Now, thousands of them are also taking on climate change.
This week, more than 4,200 Amazon employees called on the company to rethink how it addresses and contributes to a warming planet. The action is the largest employee-driven movement on climate change to take place in the influential tech industry.
The workers say the company needs to make firm commitments to reduce its carbon footprint across its vast operations, not make piecemeal or vague announcements. And they say that Amazon should stop offering custom cloud-computing services that help the oil and gas industry find and extract more fossil fuels.
The goal for Amazon’s leaders and employees is “that climate change is something they think about whenever a business decision is being made,” said Rajit Iftikhar, a software engineer in Amazon’s retail business. “We want to make Amazon a better company.

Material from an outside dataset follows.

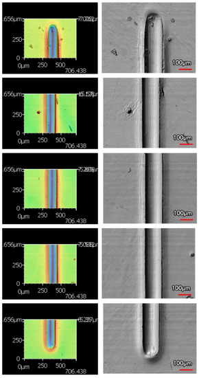 Wear tracks are categorized by coating type, indenter shape, and the number of passes. Micrographs were taken at five evenly spaced intervals along the wear track to allow the full track to be examined for its wear mechanisms. When the micrographs were taken, a laser scanned the surface to take the 3D profile for analysis. Most of the wear tracks had relatively consistent widths, apart from either end. Examples of the micrographs of wear tracks are shown in Figure 8 and Figure 9. Both wear scars are 50 pass wear tracks on 9 μm thick Ni-P, but the wear track in Figure 8 used the sharp indenter and Figure 9 used the spherical indenter.

It is a natural extension of that.”
The letter adds support for a new tactic among activist tech workers: using the stock they receive as compensation to agitate for change. Like other shareholders, they can file a resolution urging a particular corporate change that investors vote on at a company’s annual meeting. Historically, this approach has been used by outside activist investors, not employees.
The Amazon employees signing the letter, who made their names public, are pushing Amazon to approve a shareholder resolution that would force the company to develop a plan to address its carbon footprint. The resolution was filed by more than two dozen current and former employees late last year, and it could come up for a vote next month.